VizCluster and its Application on Classifying Gene Expression Data

  • Authors:
  • Li Zhang;Chun Tang;Yuqing Song;Aidong Zhang;Murali Ramanathan

  • Affiliations:
  • Department of Computer Science and Engineering, State University of New York at Buffalo, Buffalo, NY 14260, USA. lizhang@cse.buffalo.edu;Department of Computer Science and Engineering, State University of New York at Buffalo, Buffalo, NY 14260, USA. chuntang@cse.buffalo.edu;Department of Computer Science and Engineering, State University of New York at Buffalo, Buffalo, NY 14260, USA. ys2@cse.buffalo.edu;Department of Computer Science and Engineering, State University of New York at Buffalo, Buffalo, NY 14260, USA. azhang@cse.buffalo.edu;Department of Pharmaceutical Sciences, State University of New York at Buffalo, Buffalo, NY 14260, USA. murali@acsu.buffalo.edu

  • Venue:
  • Distributed and Parallel Databases
  • Year:
  • 2003

Quantified Score

Hi-index 0.00

Visualization

Abstract

Visualization enables us to find structures, features, patterns, and relationships in a dataset by presenting the data in various graphical forms with possible interactions. A visualization can provide a qualitative overview of large and complex datasets, can summarize data, and can assist in identifying regions of interest and appropriate parameters focused on quantitative analysis. Recently, DNA microarray technology provides a broad snapshot of the state of the cell, by measuring the expression levels of thousands of genes simultaneously. Such information can thus be used to analyze different samples by gene expression profiles. It has already had a significant impact on the field of bioinformatics, requiring innovative techniques to efficiently and effectively extract, analyze, and visualize these fast growing data.In this paper, we present a dynamic interactive visualization environment, VizCluster, and its application on classifying gene expression data. VizCluster takes advantage of graphical visualization methods to reveal underlining data patterns. It combines the merits of both high dimensional projection scatter-plot and parallel coordinate plot. In its core lies a nonlinear projection which maps the n-dimensional vectors onto two-dimensional points. To preserve the information at different scales and yet reduce the typical problem of parallel coordinate plots being messy caused by overlapping lines, a zip zooming viewing method is proposed.
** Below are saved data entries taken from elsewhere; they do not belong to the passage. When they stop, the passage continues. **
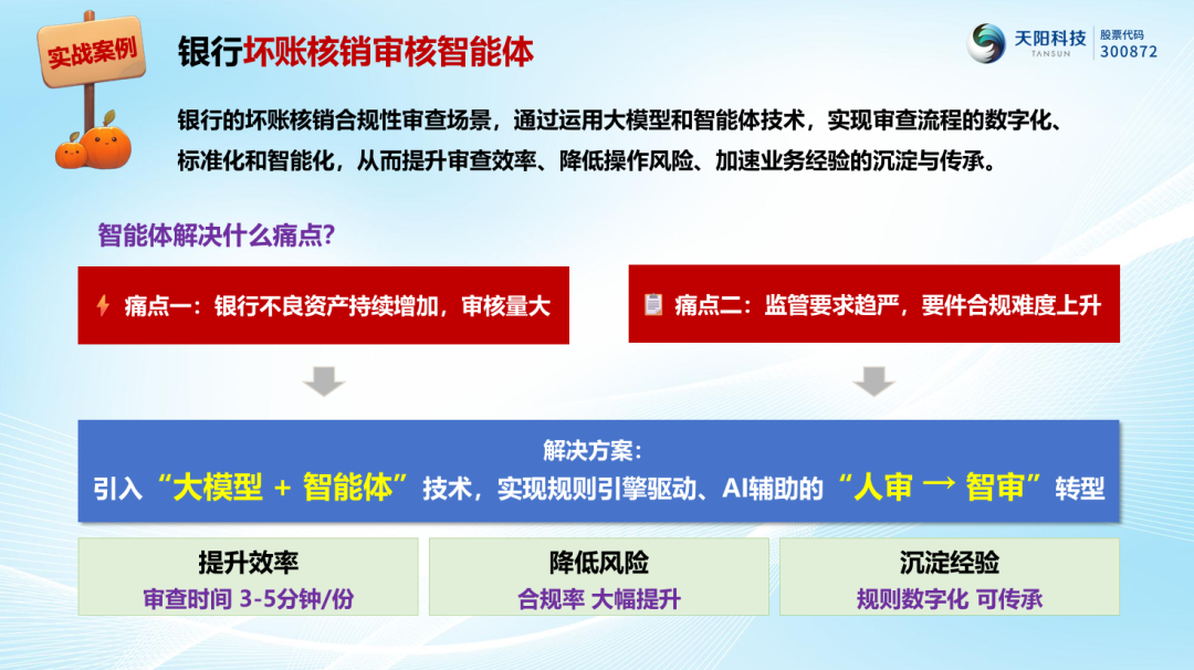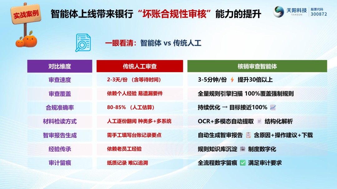 坏账核销审查智能体可大幅提升坏账业务合规性审查的效率,从审查速度、审查覆盖面、合规准确性等七个维度,大幅提升传统人工审查的效能,赋能信贷业务的最后一个环节,在金融化险的大背景之下,未来将有更大的拓展空间。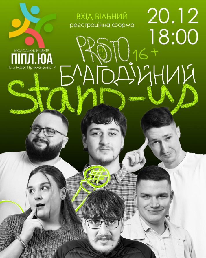 - 20 грудня о 18.00 - благодійний стендав-вечір у молодіжному центрі "Піпл.юа" (б. Марії Приймаченко 7). Безкоштовно, але обов'язкова попередня реєстрація.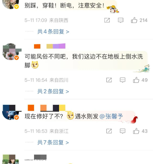 当然,也有不少真心关心她的网友在评论区提醒:“可千万别光脚踩水,万一漏电就危险了,赶紧先把电闸拉了”,还有人操心:“快看看水会不会漏到楼下,别给邻居造成麻烦” 。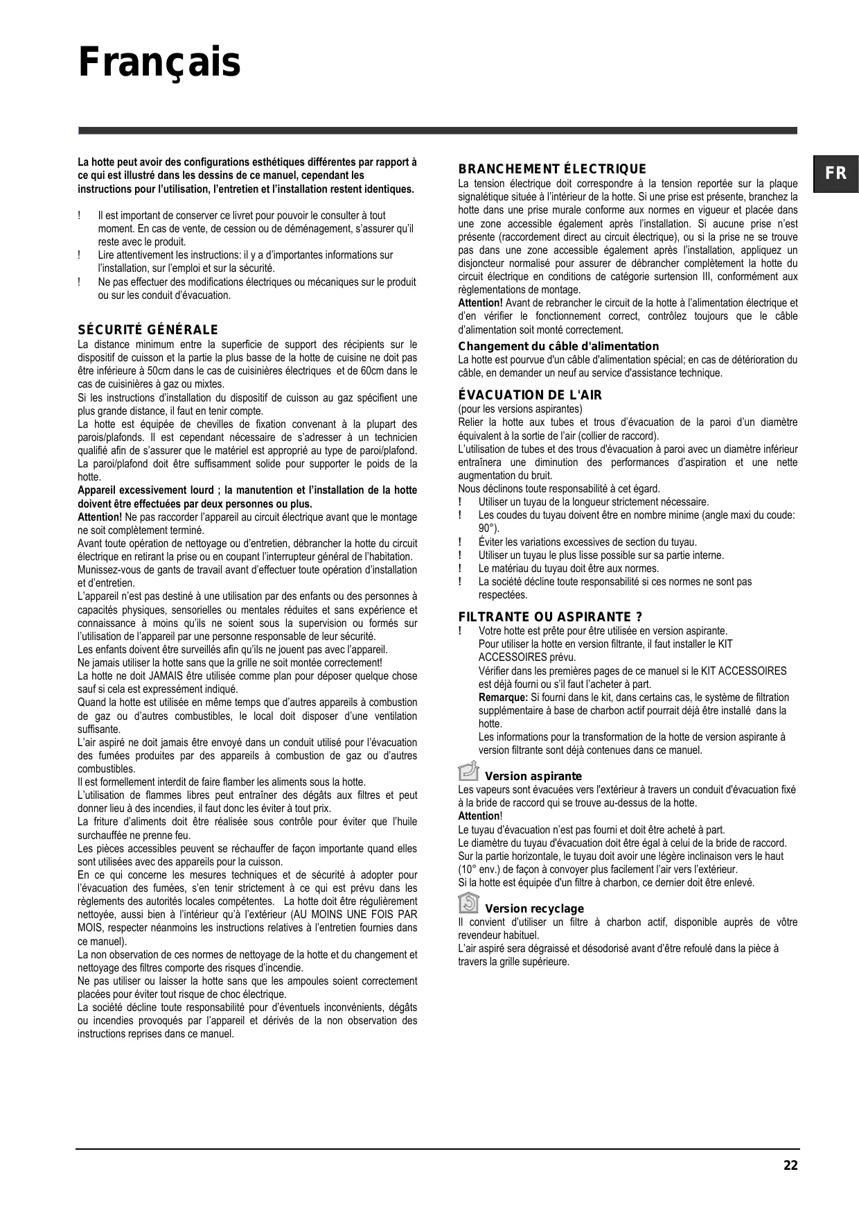 Il est important de conserver ce livret pour pouvoir le consulter à tout moment. En cas de vente, de cession ou de déménagement, s’assurer qu’il reste avec le produit. Lire attentivement les instructions: il y a d’importantes informations sur l’installation, sur l’emploi et sur la sécurité. Ne pas effectuer des modifications électriques ou mécaniques sur le produit ou sur les conduit d’évacuation.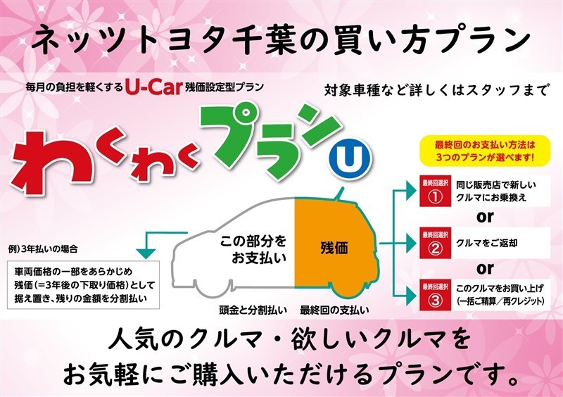 車両価格の一部をあらかじめ残価として最終回に据え置き、残りの金額を毎月お支払いいただくプランです。 *詳しくはスタッフまでお問合せください。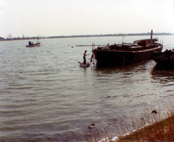steel storage barge sunk at the bow of the barge. 1979 |
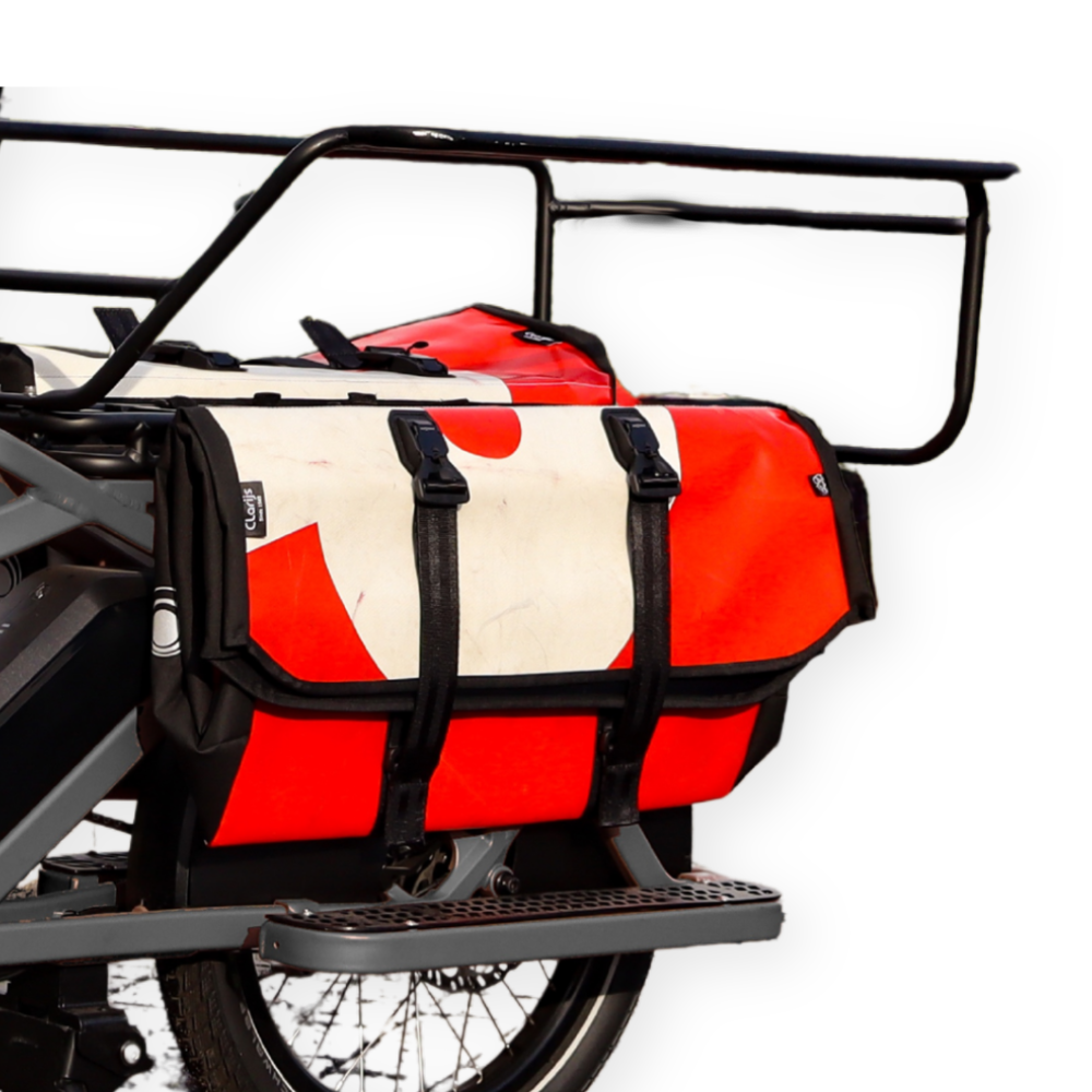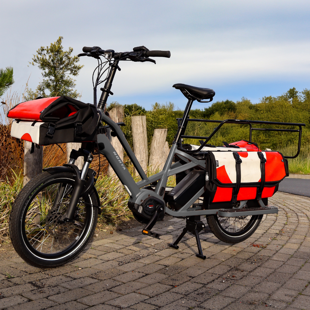 De Longtail Fietstas Universal reCYCLEd – red is ontwikkeld voor intensief dagelijks gebruik op longtail fietsen. Dankzij het universele bevestigingssysteem past deze fietstas op bijna elke longtail fiets. Geschikt voor o.a. Tern, Trek, Veloe, Carlos, Douze, Riese & Müller, Brinckers en Bike43.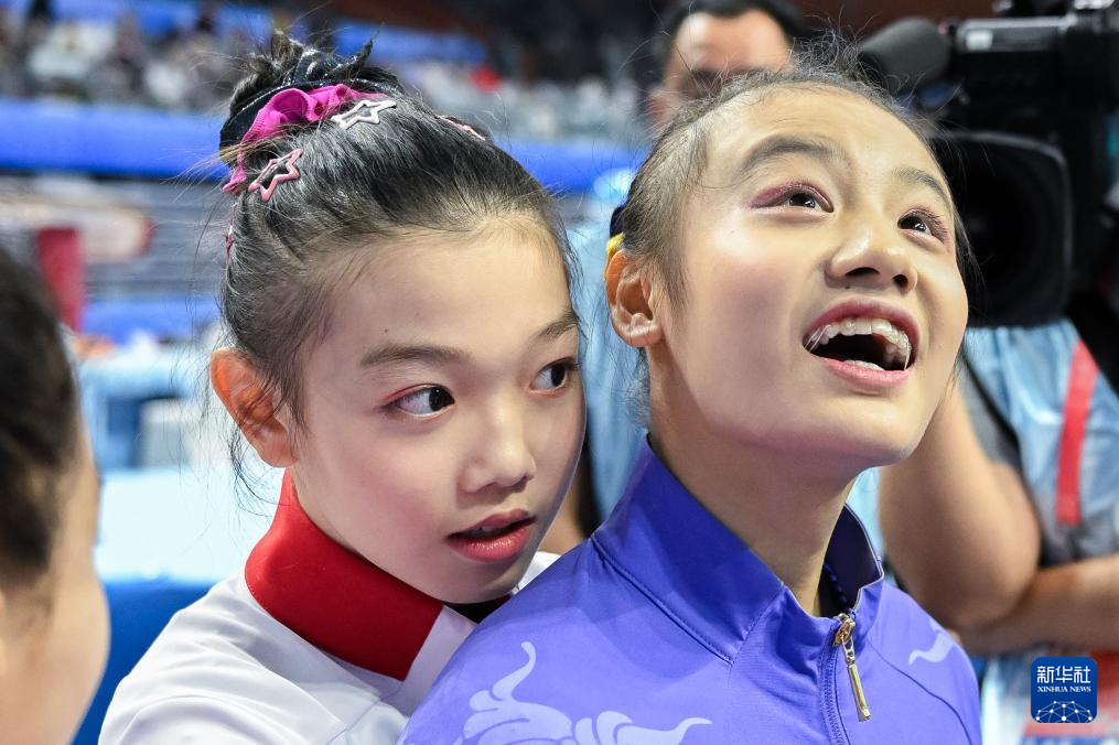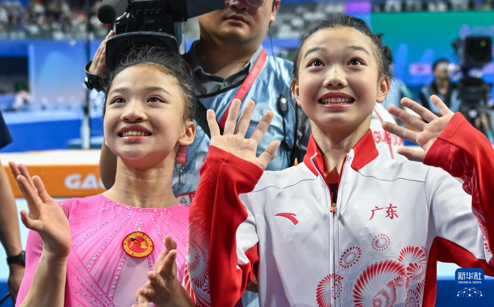 11月17日,广东队选手柯沁沁(右)与队友钟圻在比赛后向观众致意。柯沁沁夺得冠军。

Integrated with other features, VizCluster is developed to give a simple, fast, intuitive, and yet powerful view of the data set. Its primary applications are on the classification of samples and evaluation of gene clusters for microarray datasets. Three gene expression datasets are used to illustrate the approach. We demonstrate that VizCluster approach is promising to be used for analyzing and visualizing microarray data sets and further development is worthwhile.